= Genie Sheppard =

British militant suffragette

A Suffragette being force fed, in a contemporary poster

Genie Sheppard (7 October 1863 - 10 April 1953) was a member of the Women's Social and Political Union (WSPU) and militant suffragette who in prison went on hunger strike where she was force-fed for which action she received the WSPU's Hunger Strike Medal.

She was born as Eugenie Sheppard in 1863 in Dudley in Worcestershire, the youngest of four children born to Ellen née King (1829-) and Thomas Sheppard (1829-1904), an ironmonger and town councillor in Dudley. By 1891 she was a student boarding at 8 Regent Terrace in Cambridge while studying medicine at the University of Cambridge. The 1901 Census lists her and her older sister Amy Sheppard as Medical Practitioners lodging at 13 Upper Berkeley Street in Marylebone in London. She was arrested at a demonstration in the West End of London in 1912 during which she and other suffragettes smashed windows with stones and hammers.

On being imprisoned in Holloway Prison Dr. Sheppard went on hunger strike and was force-fed. On her release Sheppard received the Hunger Strike Medal from the leadership of the WSPU. The medal is engraved with the words: "Fed by Force 1/3/12".

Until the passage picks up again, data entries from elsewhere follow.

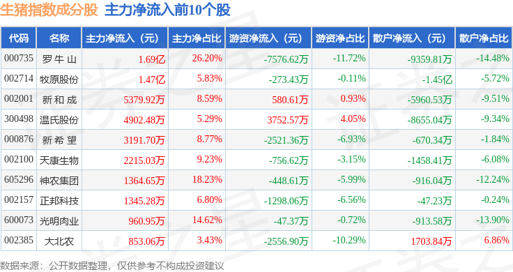 资金流向方面,生猪指数(980073)成份股当日主力资金净流入合计2.58亿元,游资资金净流出合计1068.33万元,散户资金净流出合计2.48亿元。成份股资金流向详情见下表: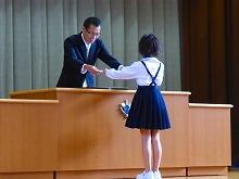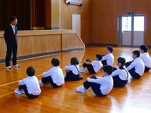 | 出発前に、3・4年生が激励に来てくれました。 | 一言ずつ、応援の言葉を贈りました。 | |||||||||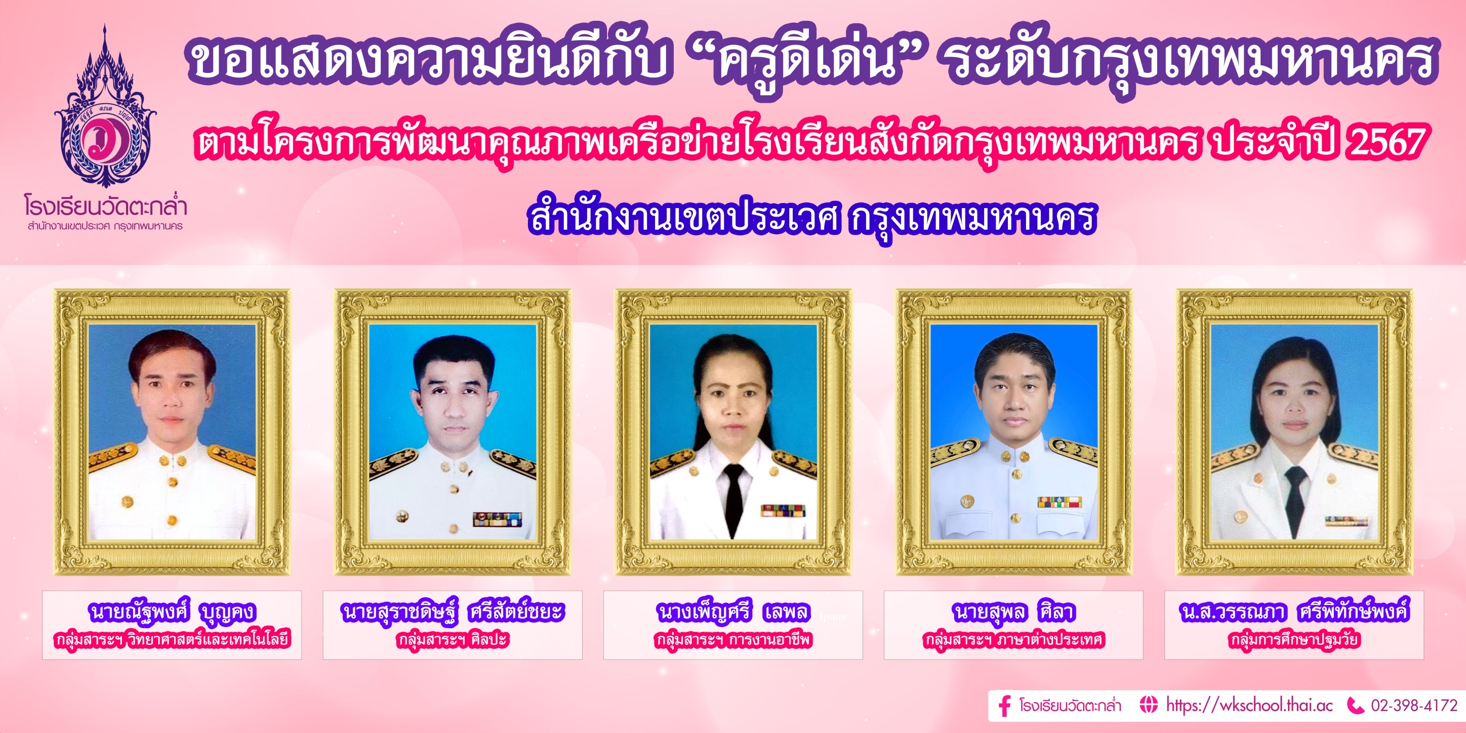 โรงเรียนวัดตะกล่ำ ขอแสดงความยินดีกับ ครูดีเด่น ระดับกรุงเทพมหานคร ตามโครงการพัฒนาคุณภาพเครือข่ายโรงเรียนสังกัดกรุงเทพมหานคร ประจำปี 2567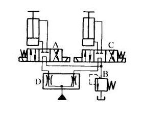 当换向阀A和C均为左位时,液压泵输出的液压油流经分流阀后分成两股相等的流量,又因两液压缸活塞面积相同,所以两缸的活塞保持同步上升。换向阀A和C均为右位时,则两缸活塞同步下降。同步精度一般可达2%~5%左右。 |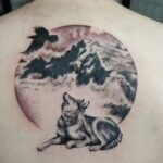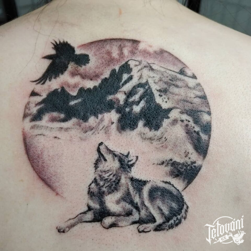 Tetování příroda, hory, zvíře vlk a orel na záda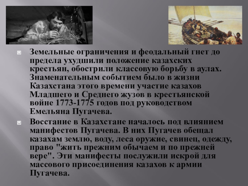 обострили классовую борьбу в аулах. Знаменательным событием было в жизни Казахстана этого времени участие казахов Младшего и Среднего жузов в крестьянской войне 1773-1775 годов под руководством Емельяна Пугачева.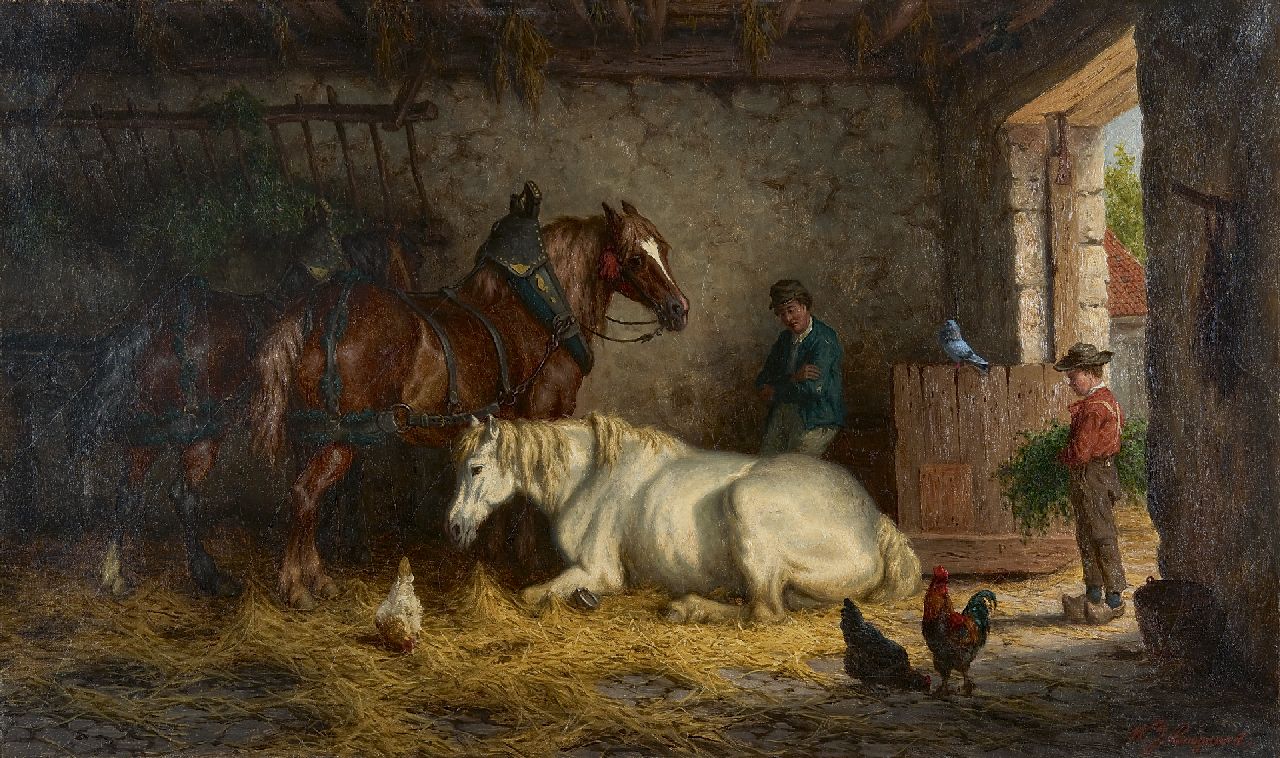 Willem Johan Boogaard Kunstwerk • Gemälde • zuvor zu verkaufen A stable interior with three horses

She was one of 68 women, among them Emily Davison, who added their signatures or initials to The Suffragette Handkerchief embroidered by prisoners in Holloway in March 1912, and kept until 1950 by Mary Ann Hilliard, and still available to view at the Priest House, West Hoathly.

By 1939 Dr. Sheppard was residing at Sevenoaks in Kent. She died in Tonbridge in Kent in 1953, leaving £20202 in her will. She never married.